[Items from a dataset]
──────────────────────────────

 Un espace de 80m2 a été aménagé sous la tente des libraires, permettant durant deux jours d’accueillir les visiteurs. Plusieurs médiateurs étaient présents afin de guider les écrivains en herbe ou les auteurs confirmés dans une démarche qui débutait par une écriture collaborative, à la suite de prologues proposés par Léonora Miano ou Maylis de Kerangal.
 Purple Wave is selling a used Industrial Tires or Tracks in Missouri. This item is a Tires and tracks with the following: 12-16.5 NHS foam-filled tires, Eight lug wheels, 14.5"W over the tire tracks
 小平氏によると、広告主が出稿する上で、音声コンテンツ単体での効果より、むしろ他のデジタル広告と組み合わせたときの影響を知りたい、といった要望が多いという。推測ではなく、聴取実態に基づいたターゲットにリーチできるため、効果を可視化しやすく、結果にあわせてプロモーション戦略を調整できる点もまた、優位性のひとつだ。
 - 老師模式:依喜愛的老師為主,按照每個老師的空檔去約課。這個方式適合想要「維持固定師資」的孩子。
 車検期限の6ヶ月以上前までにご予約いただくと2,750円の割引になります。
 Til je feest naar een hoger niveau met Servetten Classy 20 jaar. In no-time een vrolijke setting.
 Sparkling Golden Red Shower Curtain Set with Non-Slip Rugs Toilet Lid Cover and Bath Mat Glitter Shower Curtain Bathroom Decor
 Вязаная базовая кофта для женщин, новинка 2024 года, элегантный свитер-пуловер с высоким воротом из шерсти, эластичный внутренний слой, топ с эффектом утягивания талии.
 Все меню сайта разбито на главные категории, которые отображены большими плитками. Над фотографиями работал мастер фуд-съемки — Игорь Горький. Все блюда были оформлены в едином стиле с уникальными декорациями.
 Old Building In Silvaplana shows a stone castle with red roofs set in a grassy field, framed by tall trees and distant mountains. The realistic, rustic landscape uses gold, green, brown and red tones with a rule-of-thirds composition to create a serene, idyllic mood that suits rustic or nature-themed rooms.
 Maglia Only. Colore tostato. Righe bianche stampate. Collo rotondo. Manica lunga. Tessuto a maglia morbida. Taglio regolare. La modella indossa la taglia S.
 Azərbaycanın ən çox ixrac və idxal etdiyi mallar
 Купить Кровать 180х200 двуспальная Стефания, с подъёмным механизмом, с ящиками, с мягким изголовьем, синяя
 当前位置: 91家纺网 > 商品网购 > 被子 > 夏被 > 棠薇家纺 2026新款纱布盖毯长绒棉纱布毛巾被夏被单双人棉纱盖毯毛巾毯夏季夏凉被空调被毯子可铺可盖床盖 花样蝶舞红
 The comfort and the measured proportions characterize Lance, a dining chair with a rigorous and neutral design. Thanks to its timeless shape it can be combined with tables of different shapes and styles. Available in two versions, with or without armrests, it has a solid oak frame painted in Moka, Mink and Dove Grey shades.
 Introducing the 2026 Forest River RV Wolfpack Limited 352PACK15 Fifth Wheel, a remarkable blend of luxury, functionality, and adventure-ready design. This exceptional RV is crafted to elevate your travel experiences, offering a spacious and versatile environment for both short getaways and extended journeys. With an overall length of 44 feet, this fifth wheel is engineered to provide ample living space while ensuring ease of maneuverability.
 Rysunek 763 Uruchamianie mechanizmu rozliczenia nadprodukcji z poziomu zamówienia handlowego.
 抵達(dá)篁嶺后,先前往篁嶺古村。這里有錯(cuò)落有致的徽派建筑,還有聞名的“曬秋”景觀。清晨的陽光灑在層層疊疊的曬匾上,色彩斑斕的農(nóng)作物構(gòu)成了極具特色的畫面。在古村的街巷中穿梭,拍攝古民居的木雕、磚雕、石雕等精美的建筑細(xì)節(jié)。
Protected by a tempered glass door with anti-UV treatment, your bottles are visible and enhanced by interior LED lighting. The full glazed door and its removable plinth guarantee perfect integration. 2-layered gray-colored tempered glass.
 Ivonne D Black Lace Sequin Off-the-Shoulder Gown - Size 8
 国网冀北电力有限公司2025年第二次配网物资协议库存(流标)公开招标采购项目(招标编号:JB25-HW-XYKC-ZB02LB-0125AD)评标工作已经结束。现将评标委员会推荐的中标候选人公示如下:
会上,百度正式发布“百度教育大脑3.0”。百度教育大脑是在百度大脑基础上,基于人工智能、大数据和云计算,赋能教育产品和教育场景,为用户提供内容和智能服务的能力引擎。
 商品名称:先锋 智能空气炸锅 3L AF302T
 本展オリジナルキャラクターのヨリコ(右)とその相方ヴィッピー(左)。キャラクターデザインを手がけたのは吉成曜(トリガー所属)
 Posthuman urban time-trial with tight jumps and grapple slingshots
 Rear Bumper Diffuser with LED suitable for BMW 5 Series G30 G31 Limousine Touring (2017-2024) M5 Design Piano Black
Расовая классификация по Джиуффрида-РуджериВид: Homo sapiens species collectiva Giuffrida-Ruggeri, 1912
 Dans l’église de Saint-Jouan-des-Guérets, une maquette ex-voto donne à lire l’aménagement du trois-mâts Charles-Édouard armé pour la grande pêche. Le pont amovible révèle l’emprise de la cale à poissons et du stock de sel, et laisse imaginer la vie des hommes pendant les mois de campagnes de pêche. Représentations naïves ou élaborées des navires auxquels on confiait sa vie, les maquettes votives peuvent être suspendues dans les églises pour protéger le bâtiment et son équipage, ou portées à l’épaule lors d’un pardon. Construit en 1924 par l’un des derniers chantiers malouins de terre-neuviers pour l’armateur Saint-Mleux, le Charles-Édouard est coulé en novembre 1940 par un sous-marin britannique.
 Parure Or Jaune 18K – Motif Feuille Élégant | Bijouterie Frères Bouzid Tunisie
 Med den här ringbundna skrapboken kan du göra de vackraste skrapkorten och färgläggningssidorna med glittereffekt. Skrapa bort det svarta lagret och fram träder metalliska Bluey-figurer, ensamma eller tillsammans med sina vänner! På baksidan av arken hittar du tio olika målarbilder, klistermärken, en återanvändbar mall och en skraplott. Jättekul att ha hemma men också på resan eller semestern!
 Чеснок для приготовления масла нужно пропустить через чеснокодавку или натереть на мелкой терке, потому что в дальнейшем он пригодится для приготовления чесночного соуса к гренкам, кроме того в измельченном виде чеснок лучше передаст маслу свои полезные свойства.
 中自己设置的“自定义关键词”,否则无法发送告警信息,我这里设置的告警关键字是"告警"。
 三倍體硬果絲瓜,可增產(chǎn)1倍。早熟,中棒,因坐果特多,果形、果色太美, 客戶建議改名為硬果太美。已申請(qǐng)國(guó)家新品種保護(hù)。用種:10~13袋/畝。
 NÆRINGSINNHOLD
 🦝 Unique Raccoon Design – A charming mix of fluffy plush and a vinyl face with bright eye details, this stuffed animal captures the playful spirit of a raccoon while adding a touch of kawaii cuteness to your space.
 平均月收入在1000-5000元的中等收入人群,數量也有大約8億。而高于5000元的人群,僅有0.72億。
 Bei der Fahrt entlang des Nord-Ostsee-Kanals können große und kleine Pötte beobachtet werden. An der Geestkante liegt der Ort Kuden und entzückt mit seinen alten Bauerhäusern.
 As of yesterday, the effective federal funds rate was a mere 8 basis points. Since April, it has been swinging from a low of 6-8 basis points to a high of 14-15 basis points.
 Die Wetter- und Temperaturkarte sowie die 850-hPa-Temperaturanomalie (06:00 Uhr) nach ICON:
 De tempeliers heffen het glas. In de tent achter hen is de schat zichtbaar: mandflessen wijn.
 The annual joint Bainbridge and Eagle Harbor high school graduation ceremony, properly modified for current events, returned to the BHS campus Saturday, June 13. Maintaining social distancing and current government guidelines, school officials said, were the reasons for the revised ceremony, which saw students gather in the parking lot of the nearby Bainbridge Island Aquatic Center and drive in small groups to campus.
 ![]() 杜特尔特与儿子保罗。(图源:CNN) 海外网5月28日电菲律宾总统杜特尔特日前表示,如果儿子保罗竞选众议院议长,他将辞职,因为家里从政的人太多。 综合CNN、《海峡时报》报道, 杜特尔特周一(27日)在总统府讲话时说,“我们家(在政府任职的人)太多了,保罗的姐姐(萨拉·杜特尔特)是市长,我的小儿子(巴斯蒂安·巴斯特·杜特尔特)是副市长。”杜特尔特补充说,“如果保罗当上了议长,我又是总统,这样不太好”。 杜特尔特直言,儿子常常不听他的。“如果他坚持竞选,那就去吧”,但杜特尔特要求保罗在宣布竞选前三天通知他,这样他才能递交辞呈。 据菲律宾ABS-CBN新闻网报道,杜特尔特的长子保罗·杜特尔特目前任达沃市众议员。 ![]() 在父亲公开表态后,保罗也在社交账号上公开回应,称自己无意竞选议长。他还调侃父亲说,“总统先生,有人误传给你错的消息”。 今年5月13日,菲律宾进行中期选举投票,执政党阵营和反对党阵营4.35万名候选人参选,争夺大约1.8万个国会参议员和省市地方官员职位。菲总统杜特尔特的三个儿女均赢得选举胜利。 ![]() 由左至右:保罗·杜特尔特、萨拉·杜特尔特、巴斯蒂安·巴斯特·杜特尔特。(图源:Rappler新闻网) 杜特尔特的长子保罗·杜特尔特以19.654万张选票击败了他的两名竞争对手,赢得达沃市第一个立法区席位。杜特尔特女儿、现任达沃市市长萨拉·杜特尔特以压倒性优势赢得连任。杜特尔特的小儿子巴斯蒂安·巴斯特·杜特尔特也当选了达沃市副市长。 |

──────────────────────────────

Among the lines above, return each one holding the string "while".

■ Exercise result:
 Introducing the 2026 Forest River RV Wolfpack Limited 352PACK15 Fifth Wheel, a remarkable blend of luxury, functionality, and adventure-ready design. This exceptional RV is crafted to elevate your travel experiences, offering a spacious and versatile environment for both short getaways and extended journeys. With an overall length of 44 feet, this fifth wheel is engineered to provide ample living space while ensuring ease of maneuverability.
 🦝 Unique Raccoon Design – A charming mix of fluffy plush and a vinyl face with bright eye details, this stuffed animal captures the playful spirit of a raccoon while adding a touch of kawaii cuteness to your space.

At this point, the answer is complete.